We avoided the problem of computing stuff multiple times by storing our necessary values in a list, and then building the final solution from the bottom up. This turns out to work for a plethora of problems, and we presently turn to one with some real world applications.

## Coin Change

Most readers will have made change for a certain amount of money using a fixed number of coins, and one can ask, “what is the smallest number of coins I can use to make exact change?” The method of picking the largest coins first (and only taking smaller coins when you need to) happens to give the optimal solution in many cases (U.S. coins are one example). However, with an unusual set of coins, this is not always true. For instance, the best way to make change for thirty cents if you have quarters, dimes, and pennies, would be to use three dimes, as opposed to a quarter and five pennies.

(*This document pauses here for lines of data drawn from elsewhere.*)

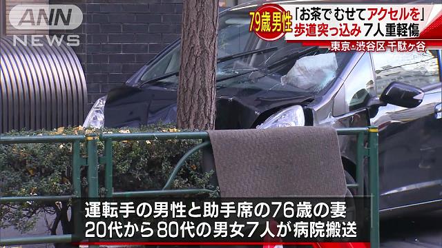男性は妻と埼玉県で葬式に出て、帰宅途中だった。調べに対し、「ペットボトルのお茶を飲んだらむせて、吐き出した。驚いてブレーキかアクセルを踏んだが、その後の記憶はない」と話しているという。原宿署は、男性がむせた際に、誤ってアクセルを踏み込んだとみている。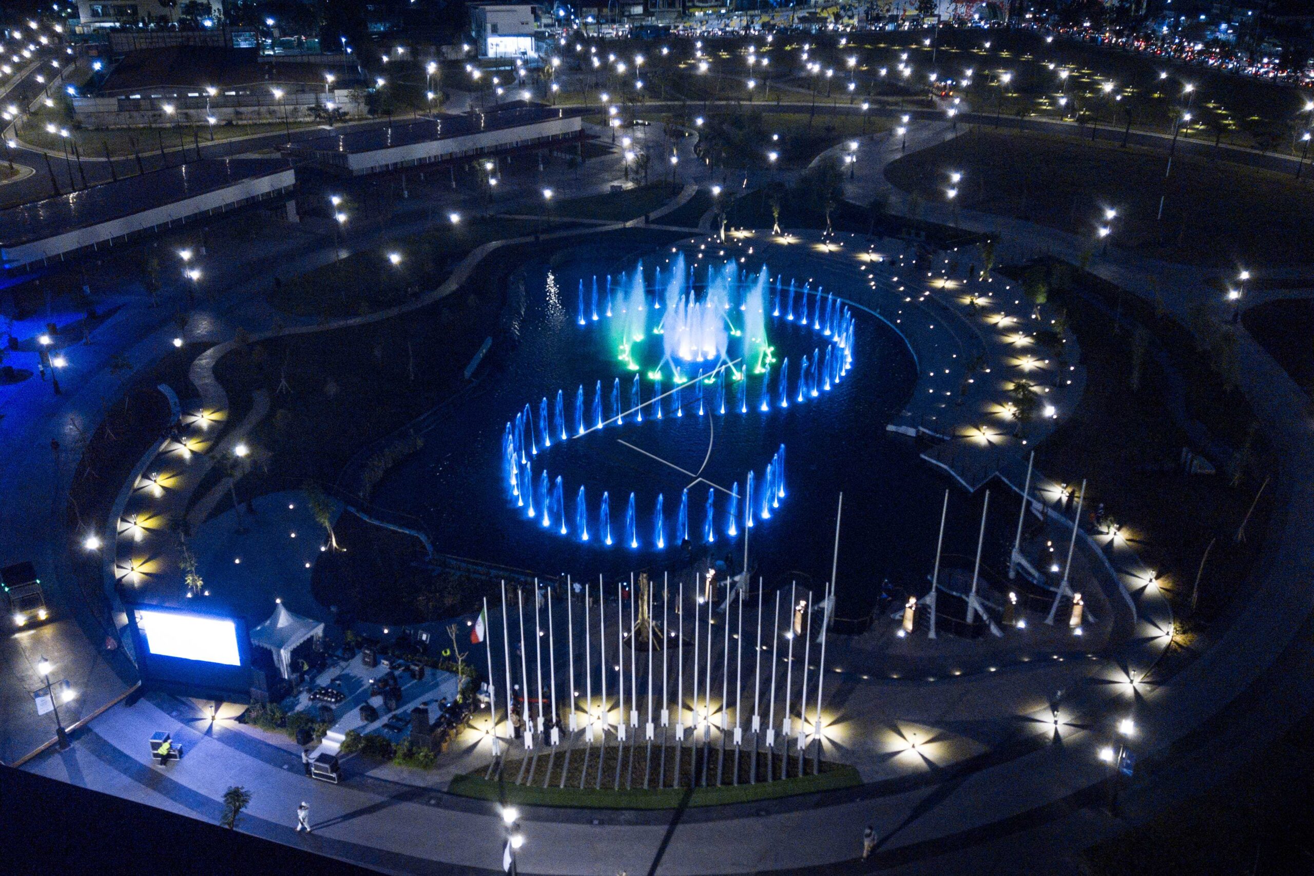 An aerial view shows a dancing water at Asia Africa Park in Kiara Artha Park, Bandung, West Java, June 29, 2019. ANTARA FOTO/Raisan Al Farisi/dw/tom/djo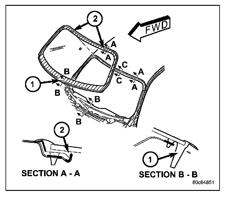 CAUTION: Open the left front door glass before installing windshield to avoid pressurizing the passenger compartment. If a door is slammed before urethane bonding is cured, water leaks can result. Allow the urethane at least 24 hours to cure before returning the vehicle to use. To avoid stressing the replacement windshield, the urethane bonding material on the windshield fence should be smooth and consistent to the shape of the replacement windshield. The support spacers should be cleaned and properly installed on weld studs or repair screws at bottom of windshield opening.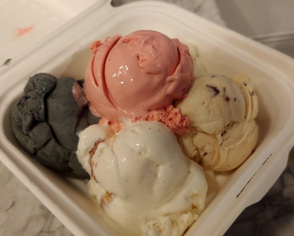 Ice cream comes in cups and cones, shakes, or sundaes. There are 10 flavors of Artisan Sundaes, with names such as Blue Table Chocolate Trio, Wee Bite of Scotland, and The North Park (an historic theater in Buffalo). There are also ice cream flights of either 5 or 9 scoops. My companion and I got a 5 scoop flight.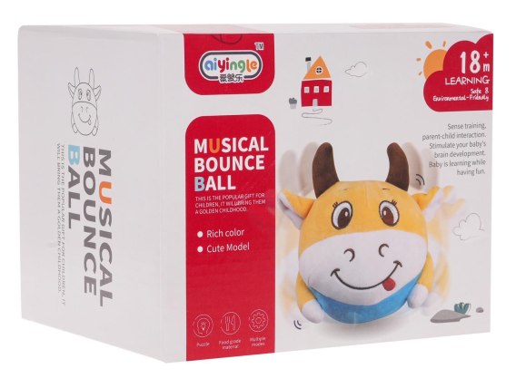 Wesoła skacząca krowa z funkcją dźwięków i świateł, dla maluszków od 18-go miesiąca życia. Krówka na pierwszy rzut oka jest milutką, pluszową przytulanką, ale kryje w sobie tajemnicę. W środku znajduje się okrągły element funkcyjny. Po uruchomieniu go krówka skacze, przemieszcza się i wydaje z siebie wesołe melodie. Kuleczka w środku posiada podświetlenie. W zestawie znajduje się pilot sterujący krówką. Element funkcyjny może być wyjmowany ze środka i ładowany za pomocą kabla USB, znajdującego się w zestawie. Krówka zasilana jest akumulatorem typu 3,7 V (w zestawie), pilot bateriami typu 1 x CR2025 3 V (w zestawie). Funkcje zabawki: - przytulanka, - zabawka z dźwiękiem, - można prać w pralce, po wyjęciu ze środka panelu funkcyjnego, - może być ładowana kablem USB, - funkcja światła: podświetlana na zielono kulka funkcyjna, - funkcje dźwięku: melodie. |

This example shows us that the so-called “greedy” solution to this problem doesn’t work. So let’s try a dynamic algorithm. As with Fibonacci numbers, we need to compute some sub-problems and build off of them to get an optimal solution for the whole problem.

In particular, denote our coin values $v_1, \dots, v_k$ and the amount of change we need to make $n$. Let us further force $v_1 = 1$, so that there is guaranteed to be a solution. Our sub-problems are to find the minimal number of coins needed to make change if we only use the first $i$ coin values, and we make change for $j$ cents. We will eventually store these values in a two-dimensional array, and call it $\textup{minCoins}[i,j]$. In other words, this is a two-dimensional dynamic program, because we have sub-problems that depend on two parameters.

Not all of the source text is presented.